23 Non-sampling error may occur in any data collection, whether it is based on a sample or a full count such as a census. Non-sampling errors occur when survey processes work less effectively than intended. Sources of non-sampling error include non-response, errors in reporting by respondents or in recording of answers by interviewers, and errors in coding and processing data.

23 Non-response occurs when people are unable to or do not cooperate, or cannot be contacted. Non-response can affect the reliability of results and can introduce a bias. The magnitude of any bias depends on the rate of non-response and the extent of the difference between the characteristics of those people who responded to the survey and those who did not.

24 The following methods were adopted to reduce the level and impact of non-response for the 2017-18 NHS:

  • face-to-face interviews with respondents;
  • the use of proxy interviews in cases where language difficulties were encountered, noting the interpreter was typically a family member;
  • follow-up of respondents if there was initially no response; and
  • weighting to population benchmarks to reduce non-response bias.

25 To reduce the level and impact of non-response for the HLS, respondents were followed-up via telephone on multiple occasions if there was initially no response.

Interpretation of results

26 Care has been taken to ensure that results are as accurate as possible. This includes thorough design and testing of the questionnaire, interviews being conducted by trained ABS interviewers, and quality control procedures throughout data collection, processing and output. There remain, however, other factors which may have affected the reliability of results, and for which no specific adjustments can be made. The following factors should be considered when interpreting these estimates:

  • Information recorded in the survey is essentially 'as reported' by respondents, and hence may differ from information available from other sources or collected using different methodology; for example, information about health conditions is self-reported and, while not directly based on a diagnosis by a medical practitioner in the survey, respondents were asked whether they had ever been told by a doctor or nurse that they had a particular health condition. Conditions which have a greater effect on people's well-being or lifestyle, or those specifically mentioned in survey questions, are expected in general to have been better reported than others; and
  • Some respondents may have provided responses that they felt were expected, rather than those that accurately reflected their own situation. Every effort has been made to minimise such bias through the development and use of appropriate survey methodology;

27 For reporting purposes, the HLS response category of 'difficult' combines three separate response variables contained in the HLQ: ‘sometimes difficult’, ‘usually difficult’ and ‘cannot do or always difficult’. This applies to domains 6 to 9 only. For domains 1 to 5, the 'strongly disagree' and 'disagree' categories from the HLQ have been combined and are referred to as 'strongly disagree/disagree'.

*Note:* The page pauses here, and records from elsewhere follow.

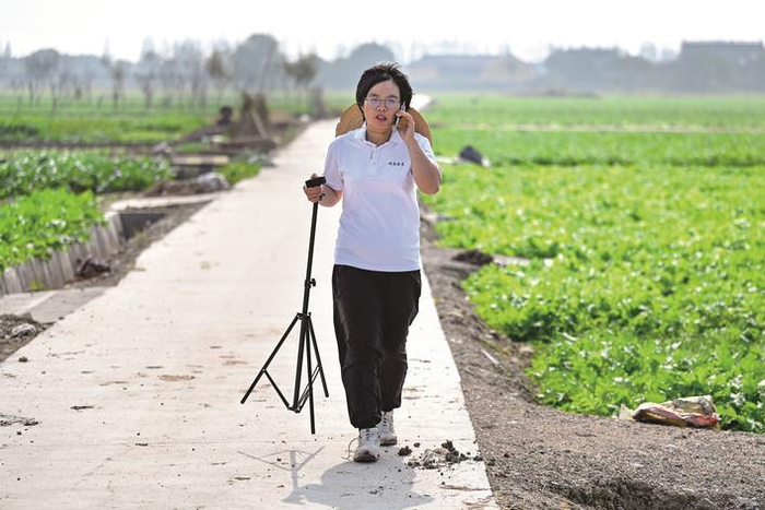 一手拿着支架,一手拿着手机处理客户订单,蒋瑜佳踩着泥走在去农户家直播的路上。
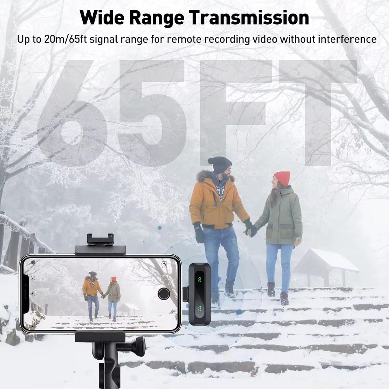 2. High-Quality Audio Recording: Our Wireless Microphone uses an imported high-end mic chip for omnidirectional sound capture, ensuring crystal-clear audio recording without interruptions. Record while charging your device effortlessly-our receiver offers a direct phone charging interface, allowing you to focus on your content while keeping your devices powered up.
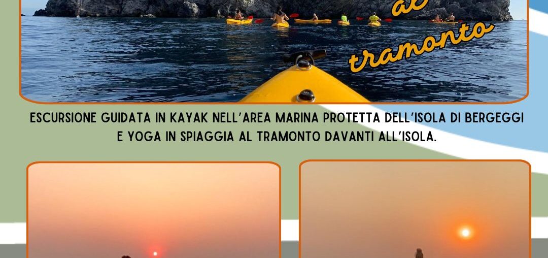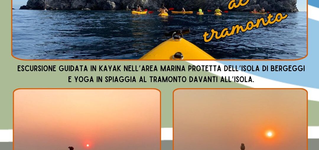 Escursione in kayak nell’Area Marina Protetta dell’Isola di Bergeggi e sessione di yoga in spiaggia davanti al tramonto. Possibile partecipare…
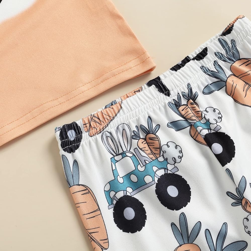 [Occasions]Spring summer shirts pants set Easter sweatshirt ruffle pants, perfect for the casual, school, travel, family gatherings, outdoor, holidays, birthday parties, photography in spring and summer. best gift for your baby on this Easter.
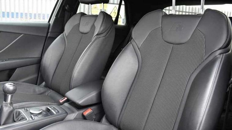 Aluminium interior element, Non smoking pack - Q2, Anti theft alarm, Anti theft wheel bolts, Central locking system with remote control key, Electronically operated child locks, 2 x SDXC card reader, Audi music interface - apple iPod, apple iPhone, USB storage media, compatible MP3 players, 2 x USB charging points and 1 x Aux-in, CD Drive, DAB digital radio and AM/FM radio, MMI radio plus with 7" colour MMI screen and MMI controller, 3x3 point rear seatbelts, 6 airbags - Front, curtain and front side airbags, Electromechanical parking brake, Electronic stabilisation control including ABS, ASR and EDL, Extended and proactive pedestrian protection, Hill hold assist, Multi collision brake assist, Pre-sense front with pedestrian recognition, Seatbelt monitoring, Tyre pressure warning light, Warning triangle and first aid kit, Black window trims, Bumper in full body colour paint finish, Chrome exhaust tailpipe, Electrically adjustable and heated door mirrors with integrated LED side indicators, Front and rear electric windows, Front underbody guard and rear diffuser trim in selenite silver, Front windscreen with grey tinted sunband, Headlight washers, Interior mirror, LED headlights with LED rear lights + dynamic rear indicators, LED indicator lights, Manual folding door mirrors, Rain and light sensors, Rear wiper, S Line badges on the front wings, S Line body styling - front and rear bumpers, side skirts, radiator grille, rear diffuser insert and front air intakes, 60/40 split folding rear seat bench, Black cloth headlining, Floor mats with contrast stitching, Front centre armrest, Front headrests, Front sport seats with S embossed logo, Height/reach adjust steering wheel, Illuminated door sill trims with S logo, ISOFIX child seat mounting for front passenger with airbag deactivation and outer rear seat including top tether attachment point for outer rear seats, Manual seat adjustment including seat height adjustment for front seats, Stainless steel pedals, Storage compartments - Glovebox, cupholder compartment in centre console, storage compartment in rear centre console, front and rear door pockets, Three rear headrests, Audi drive select, Audi smartphone interface, Automatic start/stop system with recuperation, Bluetooth interface includes bluetooth audio streaming, Cruise control, MMI - Multi Media Interface control system, MMI SD card integrated nav with 3D map display, dynamic route guidance with TMC, MMI search, natural voice recognition and myAudi special destinations, Power operated tailgate, Progressive steering, Service interval indicator, Dynamic suspension,
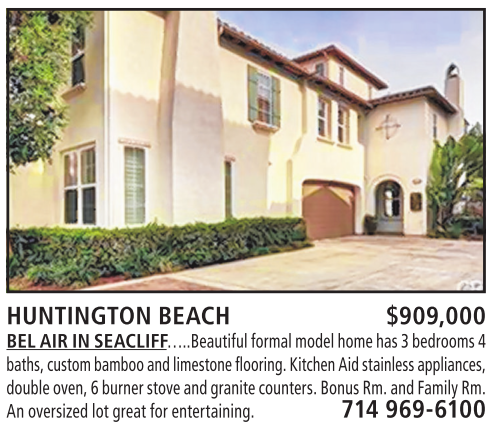 HUNTINGTON BEACH $909,000 BEL AIR IN SEACLIFF…..Beautifulformal model home has 3bedrooms4 baths, custombamboo andlimestone flooring.Kitchen Aidstainless appliances, double oven, 6burnerstove andgranitecounters. Bonus Rm.and Family Rm. An oversizedlot great forentertaining. 714 969-6100
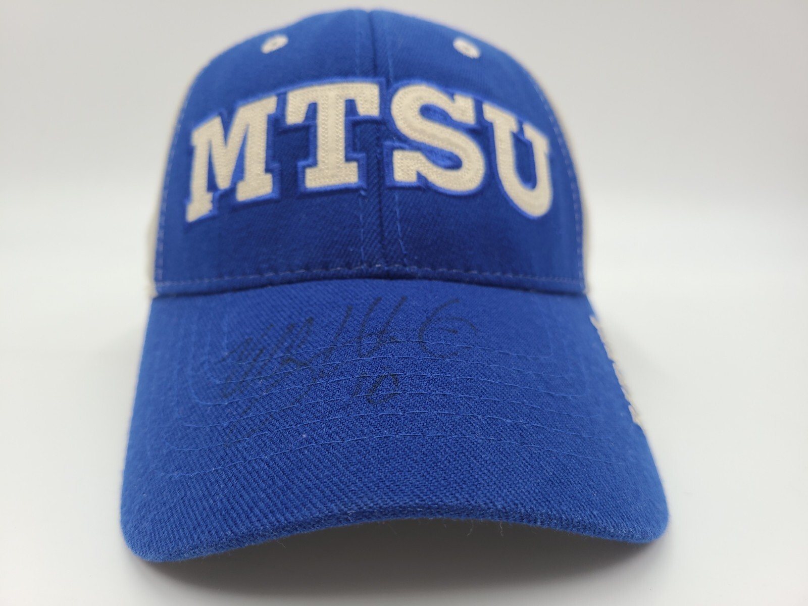I can't identify the autograph. Has some stains underneath the brim as seen in photos. Middle Tennessee State MTSU Blue Raiders Flex Fitted OSFA Hat Cap Men Women NCAA. EACH ADDITIONAL HAT PURCHASED IS ONLY $1 ADDED SHIPPING!
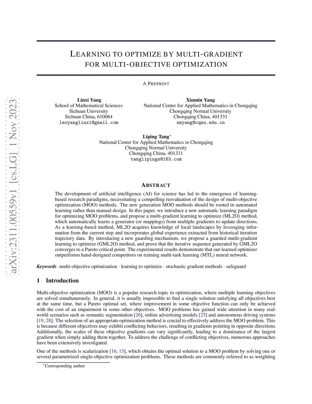 The development of artificial intelligence (AI) for science has led to the emergence of learning-based research paradigms, necessitating a compelling reevaluation of the design of multi-objective optimization (MOO) methods. The new generation MOO methods should be rooted in automated learning rather than manual design. In this paper, we introduce a new automatic learning paradigm for optimizing MOO problems, and propose a multi-gradient learning to optimize (ML2O) method, which automatically learns a generator (or mappings) from multiple gradients to update directions. As a learning-based method, ML2O acquires knowledge of local landscapes by leveraging information from the current step and incorporates global experience extracted from historical iteration trajectory data. By introducing a new guarding mechanism, we propose a guarded multi-gradient learning to optimize (GML2O) method, and prove that the iterative sequence generated by GML2O converges to a Pareto critical point. The experimental results demonstrate that our learned optimizer outperforms hand-designed competitors on training multi-task learning (MTL) neural network.
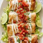 This crunchy, savory chimichangas recipe features a flavorful chicken and pinto bean filling, wrapped in warm flour tortillas, fried to golden perfection, and topped with fresh lettuce, salsa, sour cream, and tomatoes. Perfect for a satisfying Mexican-inspired meal that combines crispy textures and bold flavors.

28 In the HLS, respondents were told that the term 'healthcare providers' encompassed doctors, nurses, physiotherapists, dieticians and any other health workers that respondents seek advice or treatment from.

29 Long-term health conditions reported by respondents in the NHS are presented using a classification originally developed for the 2001 NHS by the Family Medicine Research Centre, University of Sydney, in conjunction with the ABS. The classification is based on the 10th revision of the International Classification of Diseases (ICD) and is used for all years from 2001 to 2017-18.

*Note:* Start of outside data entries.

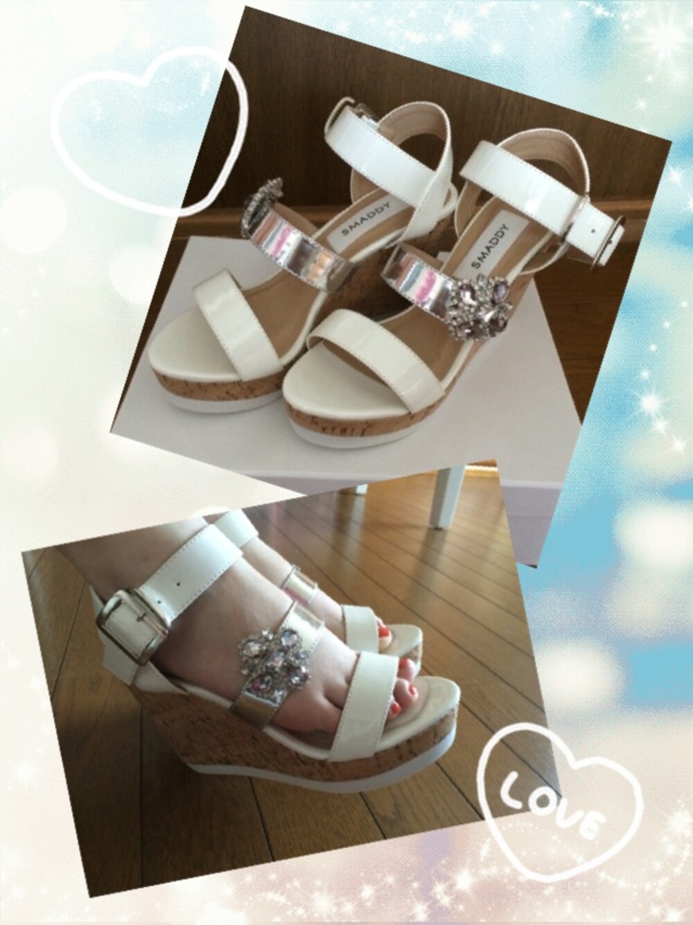 予約していたsmaddyのサンダルが届きました♡ずっと楽しみに待っていた甲斐があってすごく可愛い!!(;_;)♡ ビジューは取り外しできます。 サイズも大きいかな?と思ったけどぴったりで色違いも欲しいなぁと思いました(*^^*)
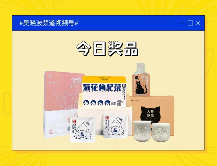 今日吴晓波奖学金:本场直播,我们会发起4轮抽奖,每轮抽1—5人送奖品一份。奖池里的奖品包括:价值39.9元的九信匠造菊花枸杞茶、价值99元的玉柏玲珑杯、价值99元的一気棒熬夜饮和价值169元的妍物四季插画香薰。感兴趣的朋友们千万不要错过哦。
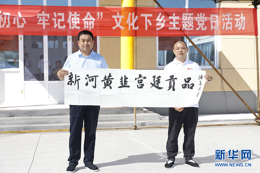 陈勇武(右)为当地特色农产品题字。毛鹤然摄
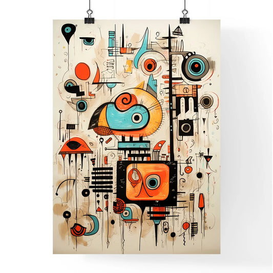 Rough Charcoal Sketch On Old Paper - A Painting Of A Bird And Geometric Shapes
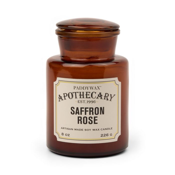 Soy Wax candle hand-poured in a 8 oz. vintage-inspired amber apothecary bottle. T: Bergamot, Berry. M: Jasmine, Rose, Saffron. B: Ambergris, Oakmoss, Amber. Approximate burn time 50+ hours.
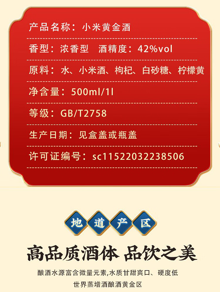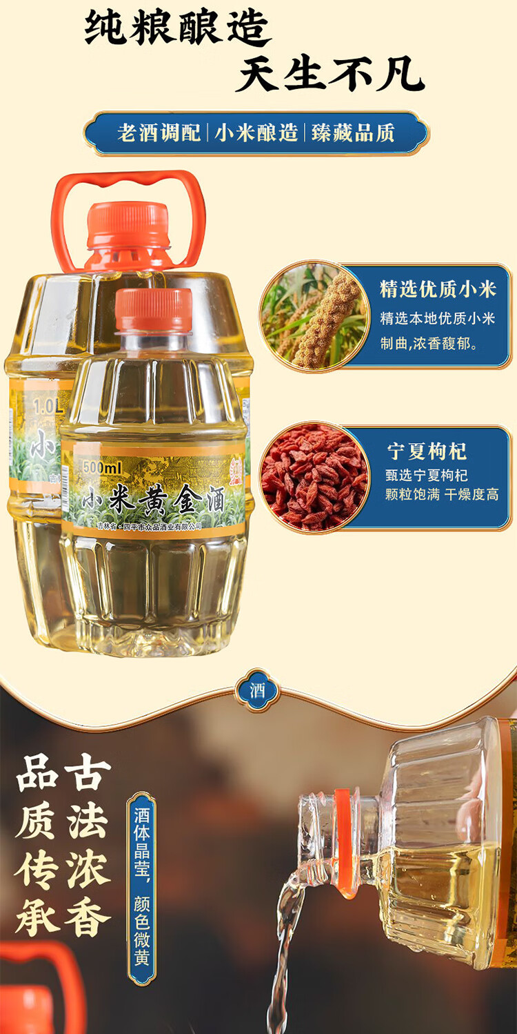 Ration alcohol selection: millet wine, Northeast golden wine, grain wine, pure grain barrel wine, 42 degrees, 1L, 5 barrels, affordable

30 Country of birth is classified to the Standard Australian Classification of Countries (cat. no. 1269.0).

31 Main language spoken at home is classified according to the Australian Standard Classification of Languages (cat. no. 1267.0).

32 Descriptions of data items such as Body Mass Index and the Kessler Psychological Distress Scale (K10) are included in the Glossary to this publication.

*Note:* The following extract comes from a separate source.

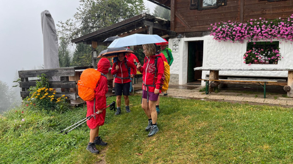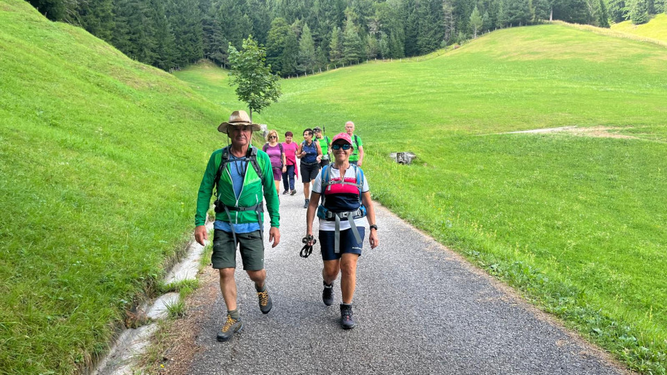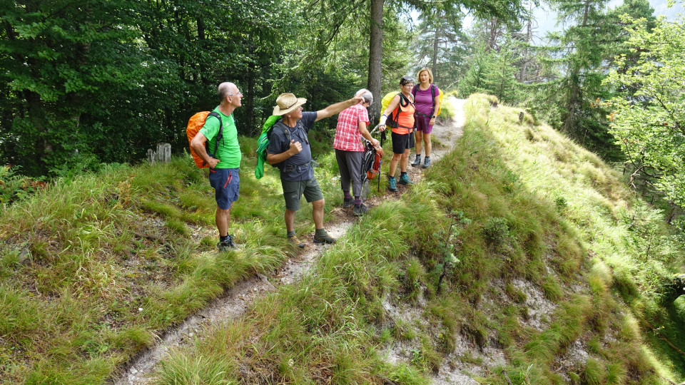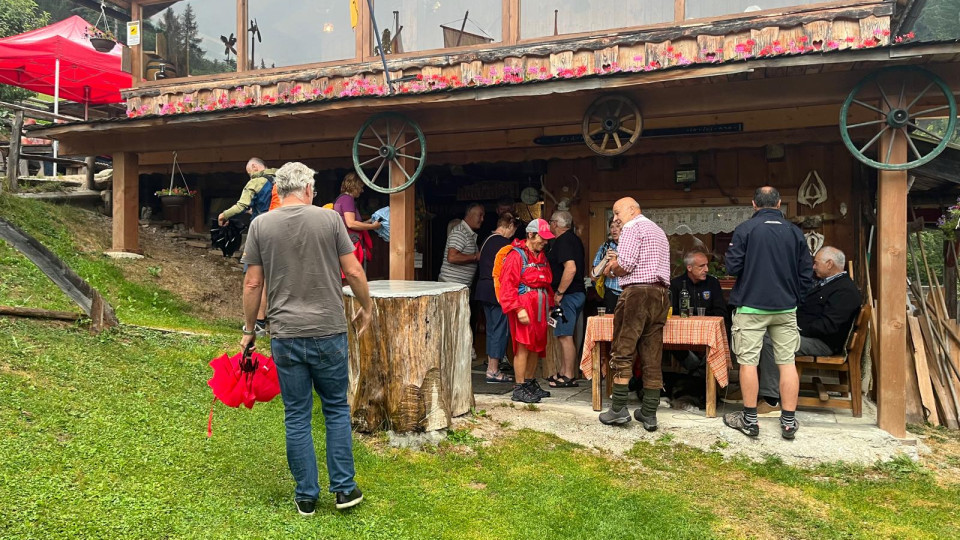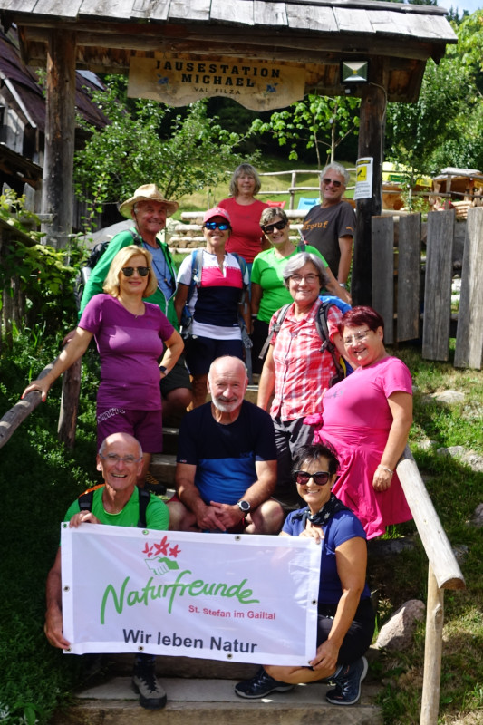Elf Naturfreunde trafen sich in Uggowitz (Ugovizza), wo wir hinter der Kirche vorerst über einen Steig zu unserer Wanderung starteten. Wir marschierten recht steil auf einem Waldweg und erreichten anschließend einen Abschnitt entlang des Panoramaweges mit einem wirklich beeindruckenden Blick auf den Ort. Begleitet wurden wir überdies vom tiefen Glockenklang, welcher aufgrund der Sonntagsmesse ertönte. Auch der letzte Abschnitt führte recht steil durch den Wald, ehe wir bei leichtem Regen die Hütte Malga Priu erreichten, wo in der gemütlichen Stube unser Gewand sofort trocken wurde. Nach der Rast nahmen wir den ebenso steilen Fahrweg im Waldgebiet bis zur Straße und marschierten aufgrund des nahenden Gewitters weiter auf der Straße zur Almhütte Da Michael. Mit den vielen Almbesuchern feierten wir bei Harmonikaklängen, einem hervorragenden Essen und guter Stimmung das Geburtstagsfest.

33 The Census and Statistics Act, 1905 provides the authority for the ABS to collect statistical information, and requires that statistical output shall not be published or disseminated in a manner that is likely to enable the identification of a particular person or organisation. This requirement means that the ABS must take care and make assurances that any statistical information about individual respondents cannot be derived from published data.

34 To minimise the risk of identifying individuals in aggregate statistics, a technique known as perturbation is used to randomly adjust cell values. Perturbation involves a small random adjustment of the statistics and is considered the most satisfactory technique for avoiding the release of identifiable statistics while maximising the range of information that can be released. These adjustments have a negligible impact on the underlying pattern of the statistics. After perturbation, a given published cell value will be consistent across all tables. However, adding up cell values to derive a total will not necessarily give the same result as published totals. 

35 Perturbation has been applied to the estimates in this release. Perturbation has not been applied to the mean Health Literacy Scores.


36 Estimates presented in this publication have been rounded. 

37 Proportions presented in this publication are based on unrounded estimates. Calculations using rounded estimates may differ from those published.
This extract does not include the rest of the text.